Acho que é difícil ter controle disso. Ideias surgem em nossas cabeças o tempo todo, não é? Difícil mesmo é conseguirmos apanhá-las antes que elas desapareçam em outra onda de pensamentos. Por isso eu uso um aplicativo de notas no celular onde eu anoto toda ideia que tenho. Volta e meia quando fico perdido, olho essas notas e relembro de uma porção de coisas que eu pensei e já tinha esquecido. Anotações são fundamentais. Já quanto à parte crítica do processo de criação, eu diria que é bem o meio dele. Quando você já está há muito tempo trabalhando nele e começa a ter aquela vontade de desistir, de fazer outra coisa, de começar um projeto paralelo e abandonar aquele ali, porque acha que ou não vai ficar legal, ou está uma bosta ou outra coisa vai ficar melhor. É importante lembrar que nada é perfeito. Que feito é melhor do que perfeito. É preciso se forçar a terminar o projeto, mesmo que não fique tudo o que a gente sonhou, mas terminar ele. No próximo a gente faz melhor.

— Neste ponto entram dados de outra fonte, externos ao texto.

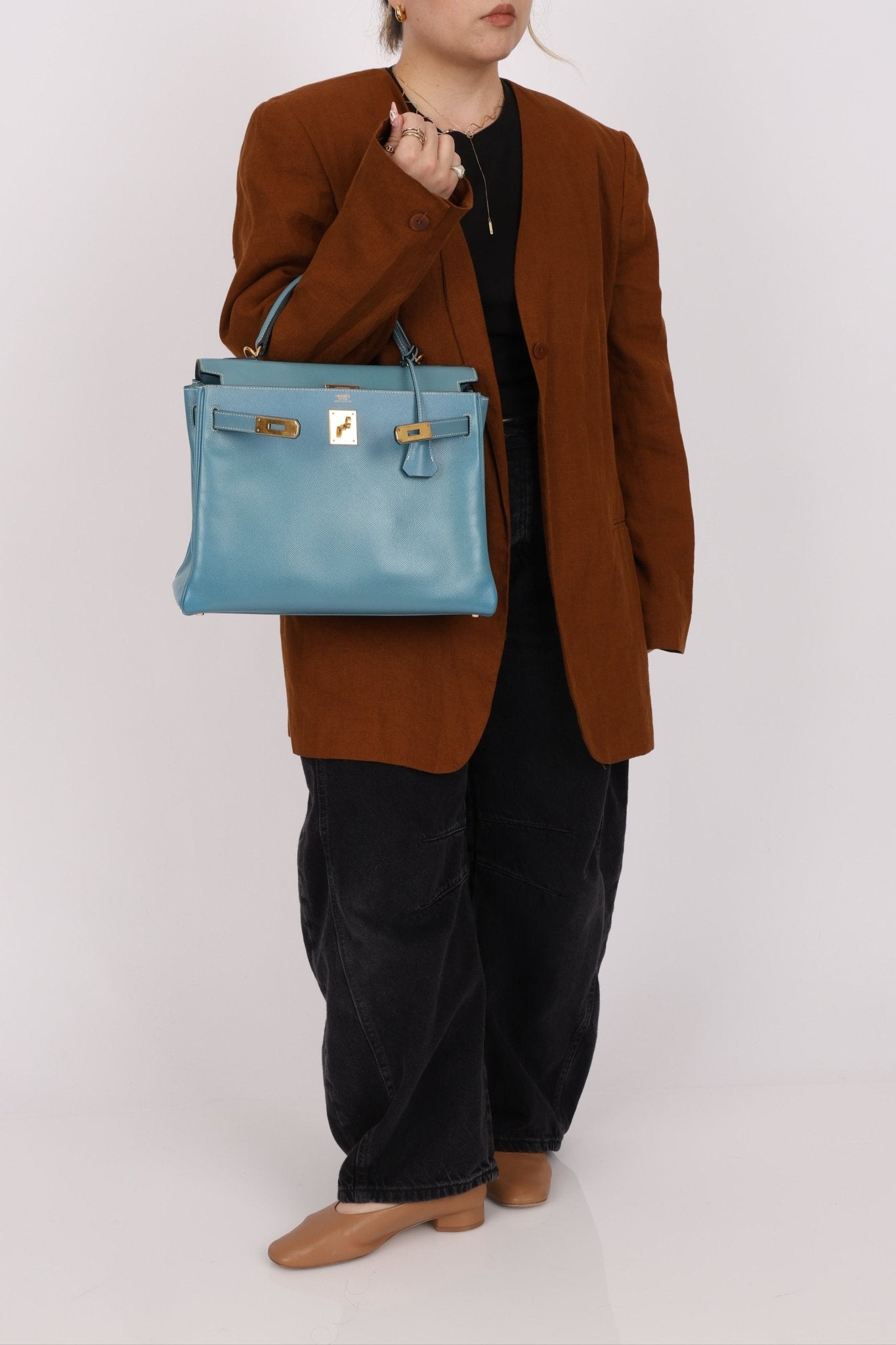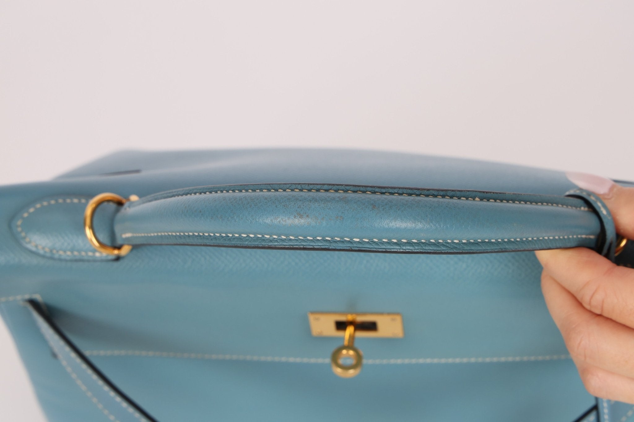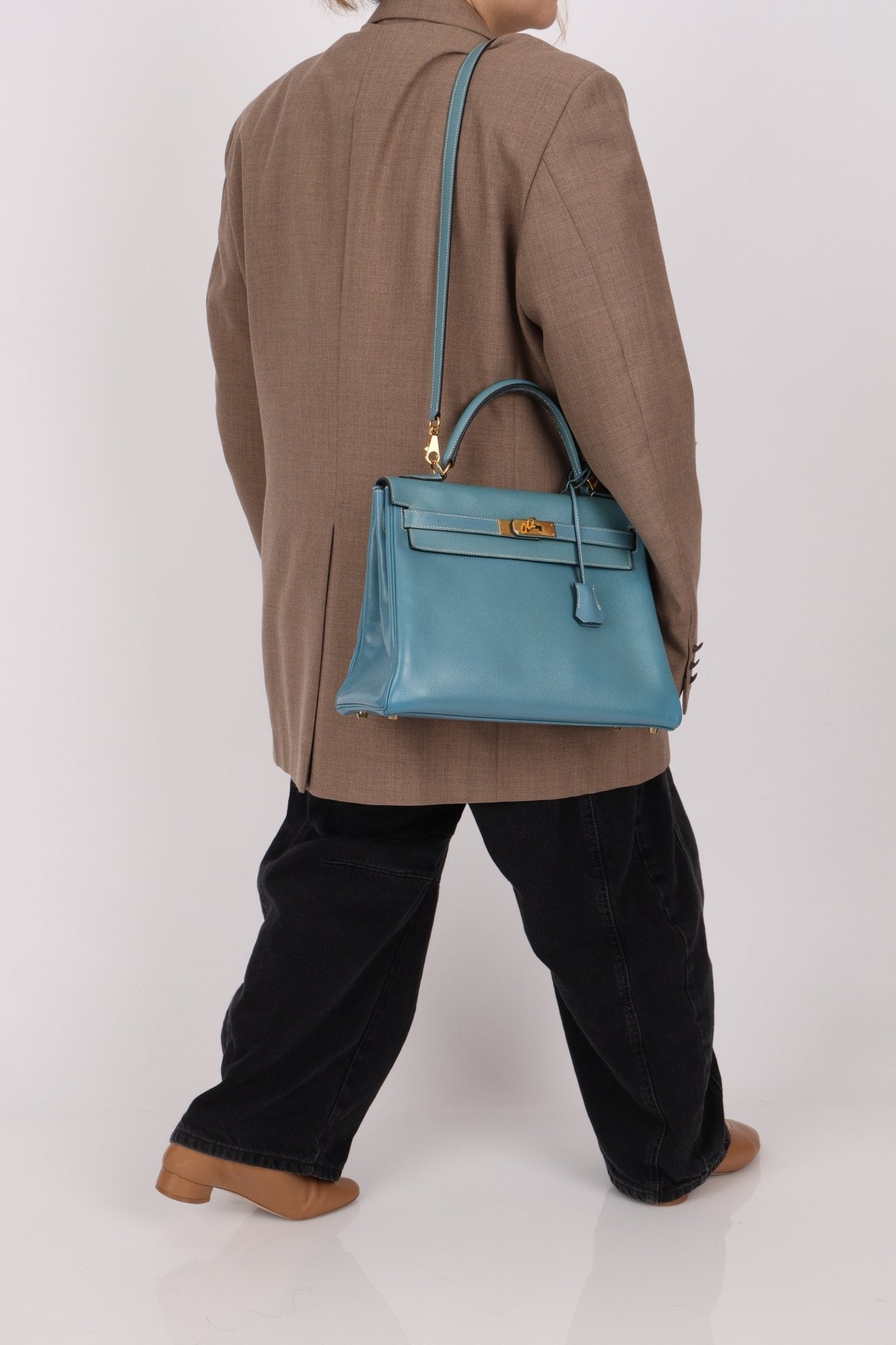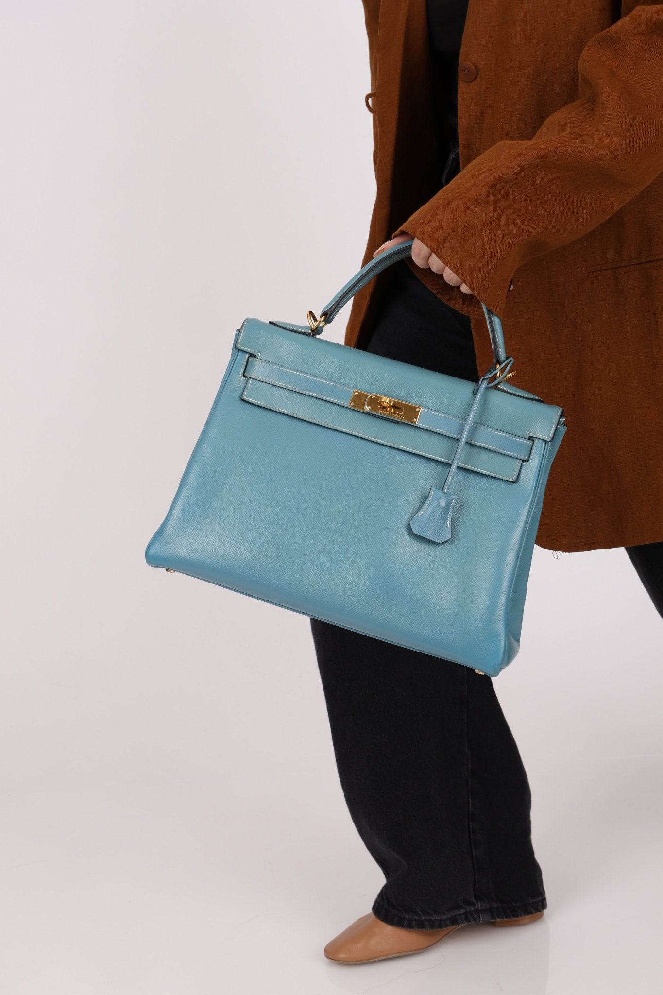 Hermès 2005 Bleu Jean Epsom Retourne Kelly 32 GHW - FashioNica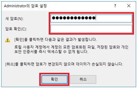 Local Users and Groups 메뉴에서 암호변경 - 새 비밀번호 입력: 지시에 따라 새 비밀번호를 입력하여 비밀번호를 변경한 후 확인.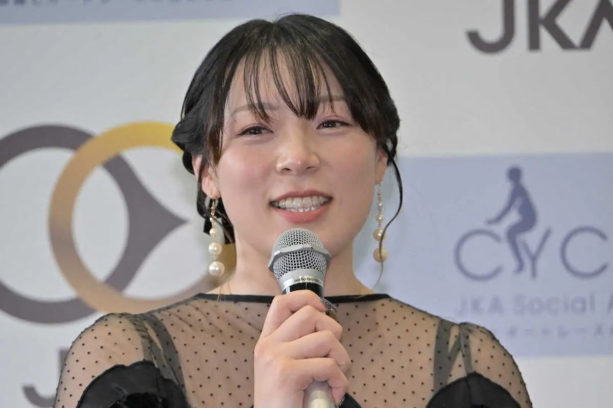 ファン投票1位を喜ぶ児玉碧衣(公財JKA提供)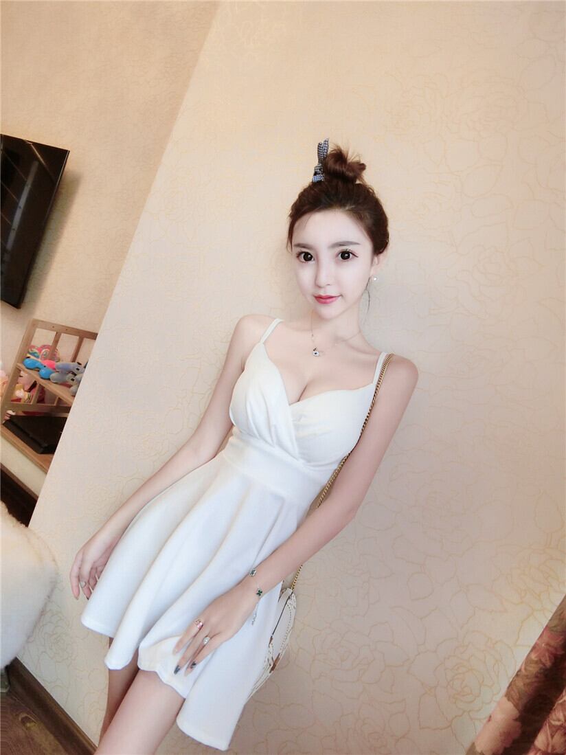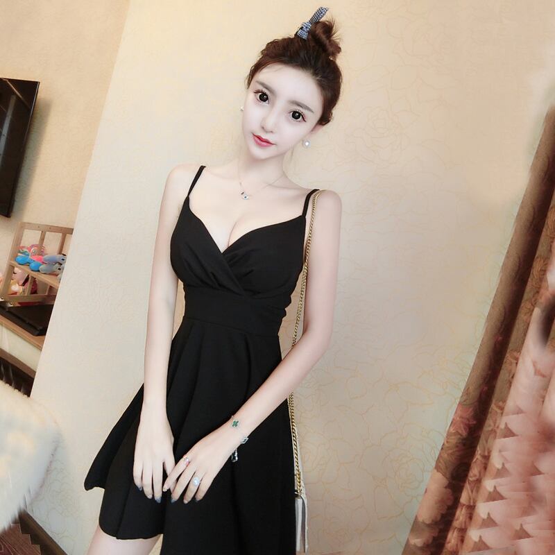 ナイトクラブバーレディース気質スモールドレススカート夏セクシーローカットVネック細いチューブトップストラップドレス micat83287327964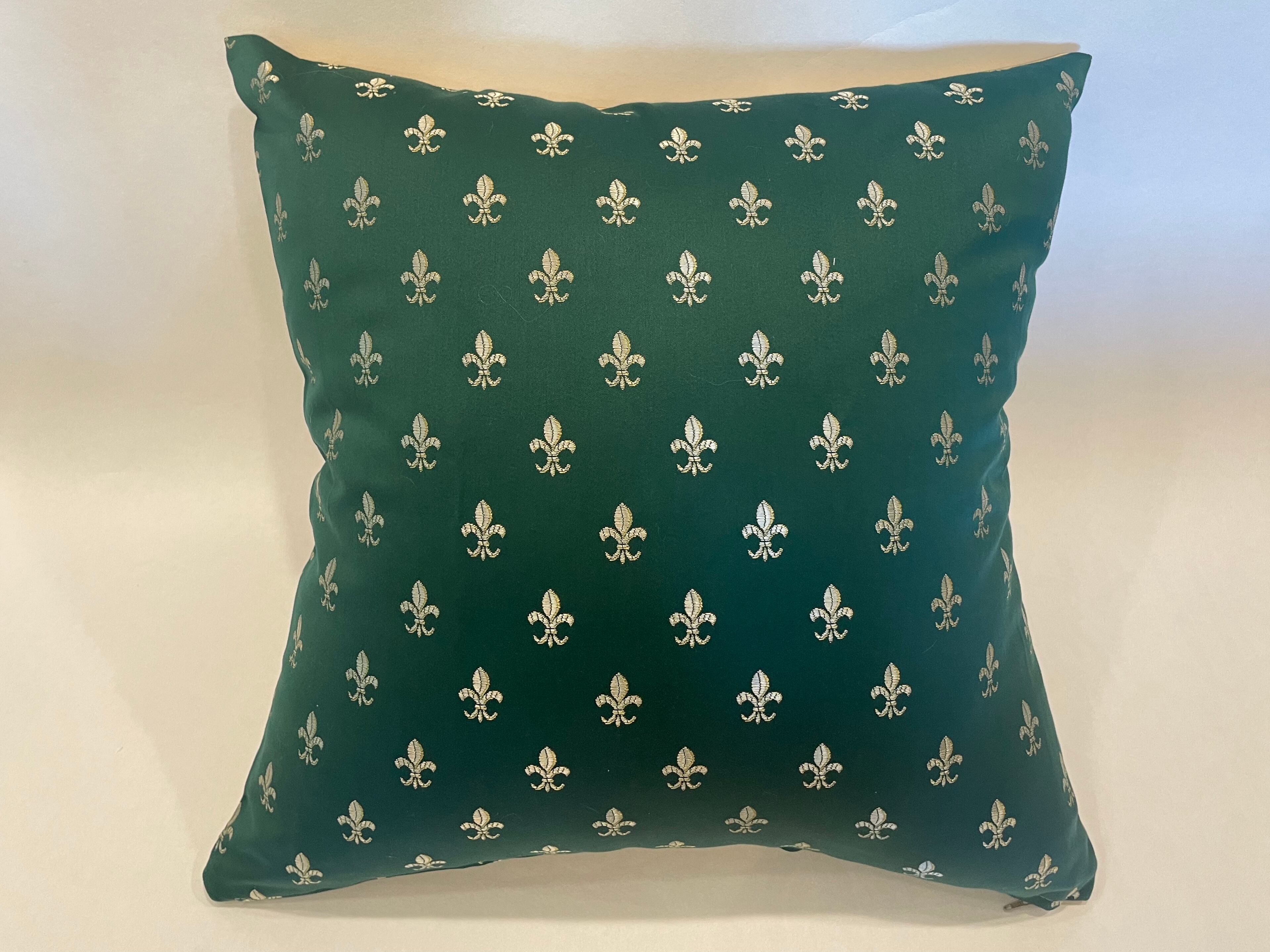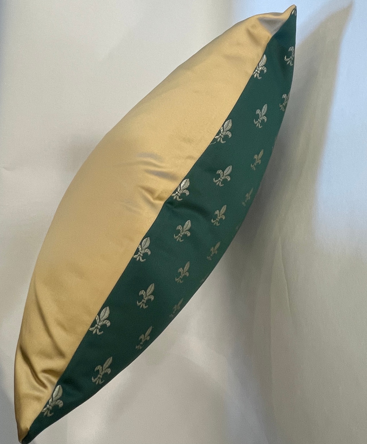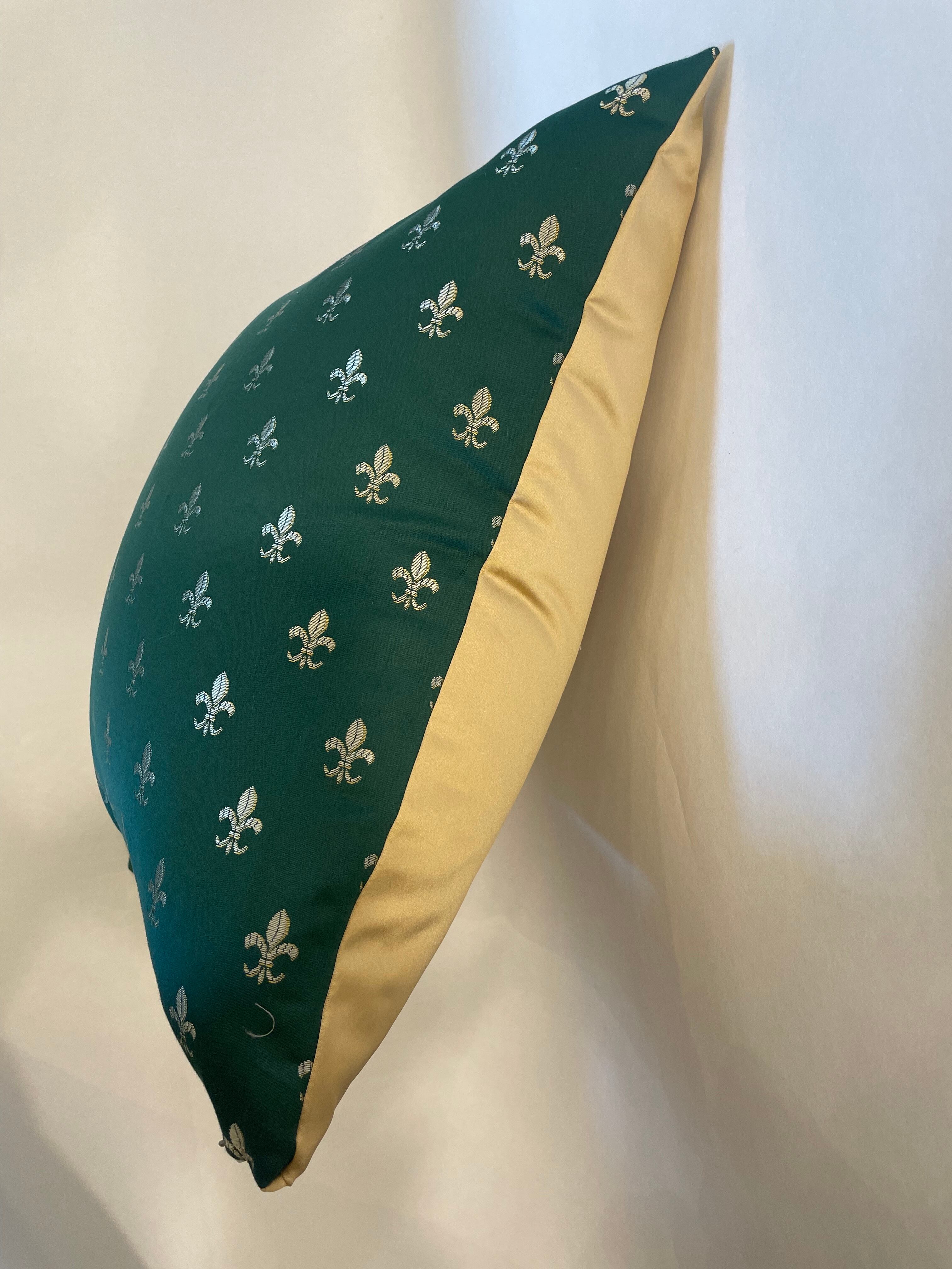 ドイツのブランド「ジャブ」の生地で作ったクッションです。裏面はポルトガルのブランド「KOBE」の光沢感のある生地を合わせた、高級感のある一点です。表地のゴールドの柄と裏地のゴールドがマッチし贅沢な仕上がりとなっています。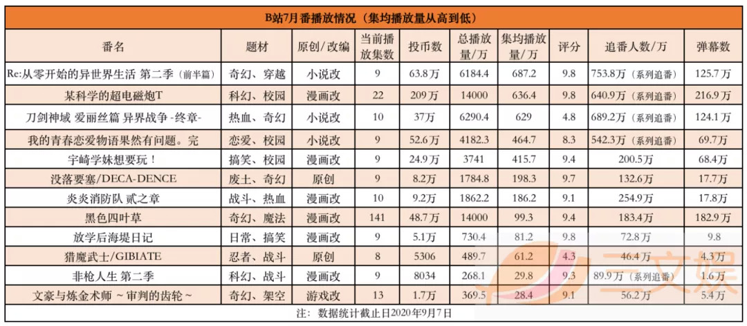 引进的七月新番最终只有24部成功在内陆地区开播。10月临近,这24部作品的播放也接近尾声。从前台显示的播放量看,《Re:从零开始的异世界生活》、《某科学的超电磁炮T》等高人气大IP续集表现突出,且在B站拿到了9.8的高分。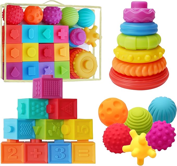- Diverse Stacking Sensory Toy - These connecting baby building blocks, stacking rings, and textured balls are easy to pick up and stacked together for newborn babies, infants, & toddlers. They will make a squeaking sound when you squeeze the soft and interactive toys. Identifying numbers and various beginner math symbols, colors, and shapes, and having fun along the way!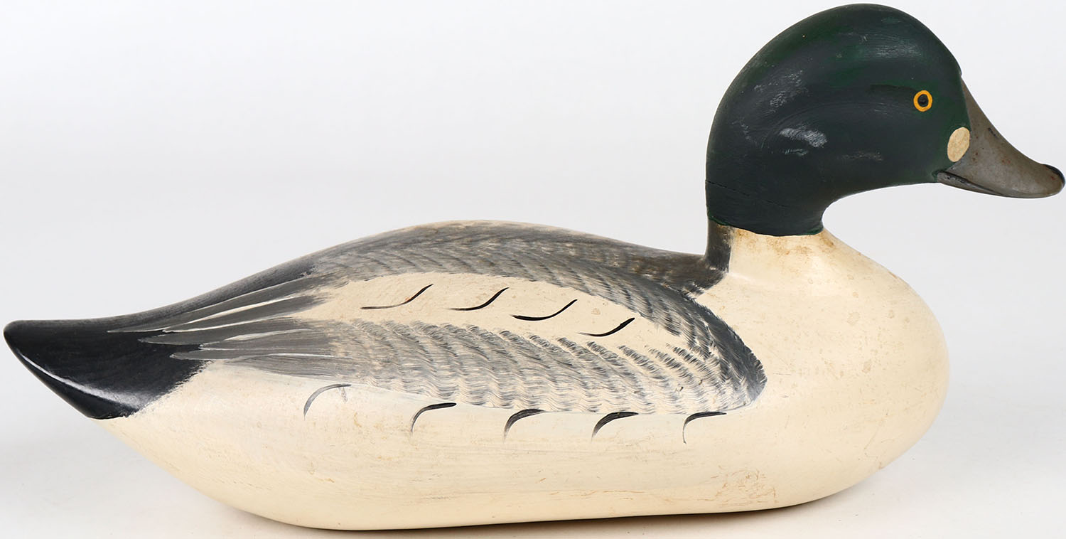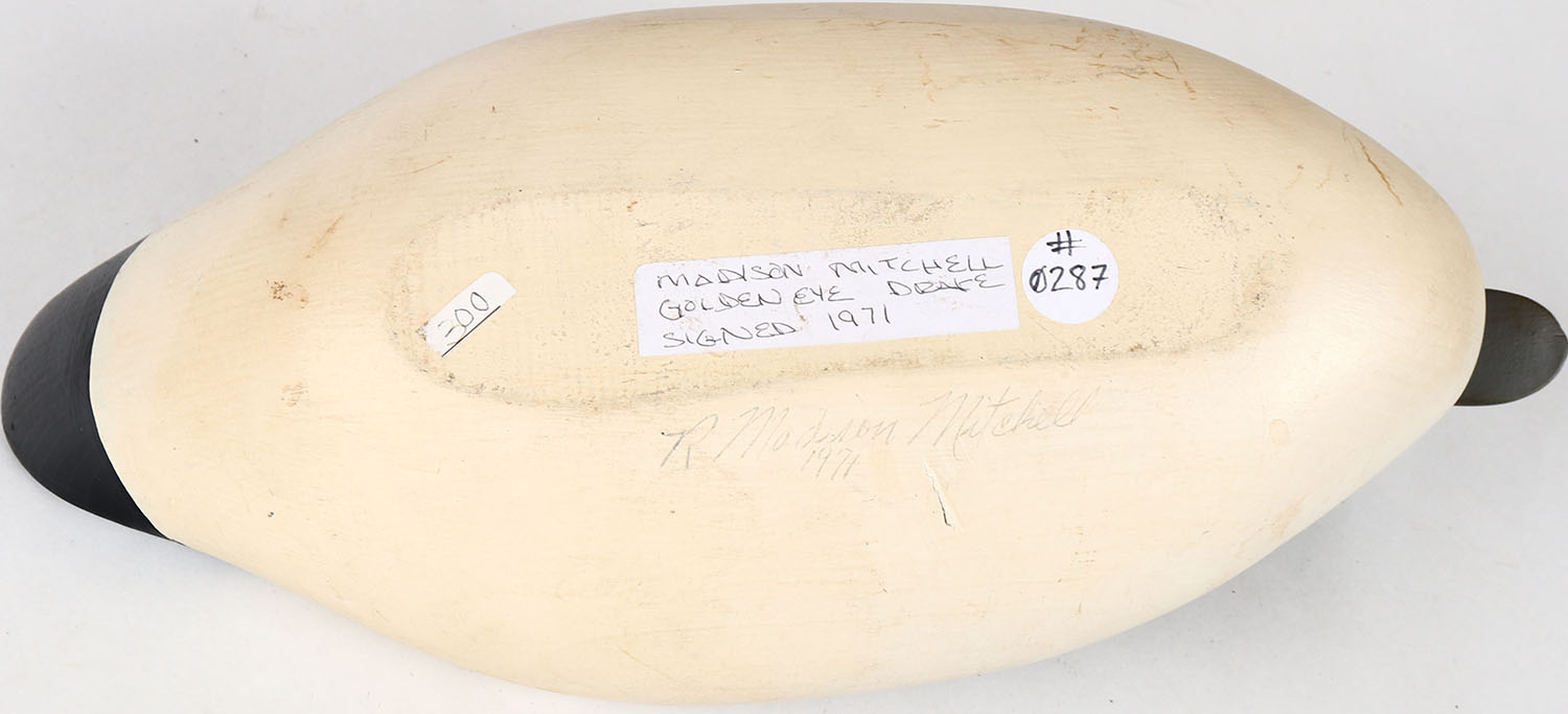 Goldeneye Drake by Madison Mitchell, painted eyes, solid wood, structurally excellent, signed on bottom, original paint. Grade: MINT - Value: 150 to 600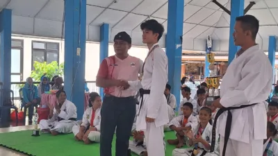 SUNGAILIAT, LASPELA — Qaishar Farel, siswa asal SMAN 1 Sungailiat berhasil meraih peringkat 1 Shukaido…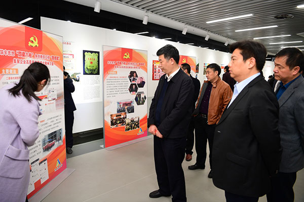 在達欣集團企業展示中心,嚴長江一行參觀了“筑牢思想‘四梁八柱’ 爭創燎原工程‘魯班獎’”主題展板,詳細了解了企業黨員冬訓工作開展情況,對黨建工作的創新做法給予了肯定。集團董事長、黨委副書記馬和軍陪同參觀。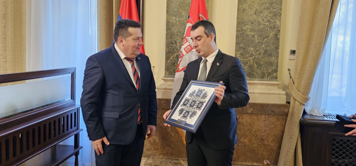Предсједник Стевандић поклонио је предсједнику парламента Србије др Владимиру Орлићу и Посланичкој групи Змијањски вез и том приликом изјавио је да је поносан што ће Змијањски вез красити просторије Народне скупштине Републике Србије.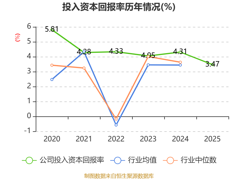 数据显示,2025年公司加权平均净资产收益率为3.59%,较上年同期下降0.93个百分点。公司2025年投入资本回报率为3.47%,较上年同期下降0.84个百分点。

Muitos projetos acabam nessas horas. A diferença de quem consegue produzir para quem não é justamente esta perseverança de ver as coisas até o fim, para o bem ou para o mal.
- Você é um defensor do OSR e sempre defende e usa as configurações em seus jogos e livros. Há algo que devemos experimentar quando jogamos com OSR? E como podemos aprender mais sobre este assunto?
Eu amo a OSR. Eu amo os jogos antigos, da década de 70 e 80, e os jogos mais novos que se inspiram nestes e os jogos mais novos ainda que transcendem essas inspirações e se tornam coisas mais novas mas que ainda remetem um pouco a essas origens. Mas a OSR já passou por tantas transformações, divisões, cisões que hoje é um pouco difícil delimitar o que exatamente é ou não é isso ou aquilo. O Quick Primer for Old School Gaming do Matt Finch e o Principia Apocrypha são ótimos parâmetros para definir se um jogo seria OSR, mas hoje muitos estão fugindo deste rótulo mesmo quando o jogo se encaixa nestes princípios. Mas acho que estou divagando aqui. Acho que o que se deve procurar em jogos neste estilo é um sistema com regras essênciais mas que possa ser extrapolado para situações específicas sem precisar decorar dezenas de detalhes e que a criatividade do jogador seja tão ou mais importante que os números na ficha dele.
- Você está animado com a tradução do Solar Blades & Cosmic Spells que irá sair pela Sagen Editora?
Claro! É sempre legal ver algo que você criou saindo no lugar onde você mora. Ter o jogo ali prontinho para dar para um sobrinho, seu filho ou um amigo ler. Espero que a comunidade brasileira abrace o jogo e brinque com ele, desmonte-o, remonte-o e torne ele algo pessoal e único.
- Qual RPG você acredita ser o melhor para começar a jogar RPG, para alguém que nunca jogou ou não entende sobre o assunto?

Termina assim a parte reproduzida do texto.